While slower gameplay turned out to be a welcome addition, no one wants or needs slower menus, yet, Madden 24 mires users in endless menu loading screens. Even when navigating entries on the main menu screens, there’s noticeable lag and sluggishness with seemingly every button press. I didn’t buy a Series X to have my game choke on an options page, but there were moments that made Starfield seem spry by comparison.

As always, Madden brings an extensive slate of modes and features to the table, but for a change, all modes seem designed to enhance the core Franchise gameplay experience. The Training Camp and Superstar story mode both feature mini-games designed to build players’ understanding of gameplay features. This would be a welcome addition if users weren’t forced to repeat these mini-games dozens of times to upgrade player skills in each mode. Die-hard enthusiasts will likely play them until their avatars are maxed, but more casual users may pass on these redundant exercises.

The Superstar mode, as was recommended by many review sites (including this one), is notably pared back in Madden 24, with a simplified barrier to entry and a threadbare narrative that likely won’t engage many newcomers. As predicted, another underdog story isn’t likely to be missed by Madden fans, and the lack of an interesting plot means there’s little reason to cover it here.

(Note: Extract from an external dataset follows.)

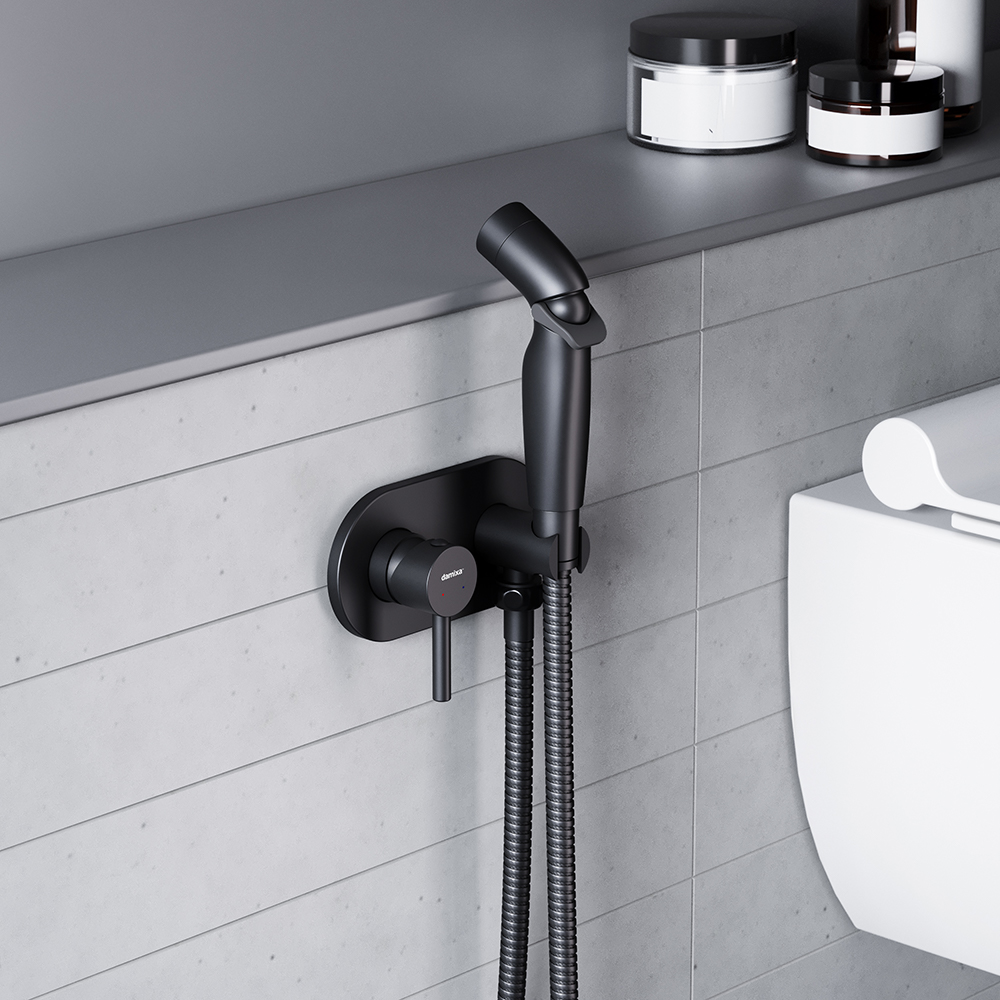 Современное решение для вашего удобства и гигиены теперь в новом исполнении. Матовый черный смеситель с гигиеническим душем отличается простотой и комфортом в использовании а еще он выглядит невероятно стильно. Смеситель с гигиеническим душем имеет компактный размер и монтируется непосредственно в стену что помогает установить его даже в небольших санузлах. Отличительные характеристики смесителя с гигиеническим душем: удобство использования плавное управление изысканный дизайн и длительная гарантия. Смеситель оборудован ручкой-стиком которая удобно ложится в руку и гарантирует комфортное использование гигиенического душа. Керамический картридж Light Flow обеспечивает плавное управление ручкой смесителя и оптимальную регулировку температуры и мощности потока. ""

In turn, the omnipresent Madden Ultimate Team (MUT) card trading mode is back, with an even bigger focus on microtransactions than before. Those who pay will likely enjoy the strategic elements of MUT. However, while testing it for this review, all I could think about was getting back on the field and just playing football — this is why the streamlined Franchise is where most gamers will spend the lion’s share of their time. Though not as deep as other sports game franchise modes, or even as deep as previous Madden titles, I was able to take control of my team, set some strategic goals, and get back out to the gridiron. Maybe other gamers want to get lost in team management minutiae, but for me, it was simply an enhancement to the core game, not a replacement.

Online, the Madden 24 lobbies were as sluggish as the main game menus, but the on-field experience was seamless and enjoyable. Matchmaking took longer but seemed more accurate and fair overall. And other than one game-ending hiccup, online gameplay never struggled to keep up with my controller inputs.

Impatient readers who scrolled to the bottom of this article for the final score are probably wondering why I gave a game with this many criticisms such a lofty rating. The answer to that comes down to gameplay. Slower, more deliberate, and ultimately much more authentic, Madden 24 feels less arcade-like than it has in years — a welcome return to form for a franchise that practically invented sports simulations. There is still much work to be done, but EA Sports put its focus on the field, and fans have good reason to celebrate.

Rating: 8.5 out of 10 

Disclosures: This game is published by EA Sports and developed by EA Tiburon. It is available on XBO, XSX/S, PS4, PS5, and PC. This game copy was obtained via publisher and reviewed on the Xbox Series X. Approximately 18 hours of play were devoted to the single-player mode, and the game was not completed. Approximately 6 hours of play were devoted to online multiplayer modes.

Parents: According to the ESRB, this game is rated E. This is a realistic representation of full-contact NFL football, and some tackling animations and injuries may concern some parents.

Colorblind Modes: There are colorblind modes available in the Game Settings menu.

Deaf & Hard of Hearing Gamers: Madden NFL 24 features subtitles, speech-to-text, and numerous tactile feedback features in all modes. The game is easily playable without sound and is fully accessible.

Remappable Controls: No, the game’s controls are not remappable.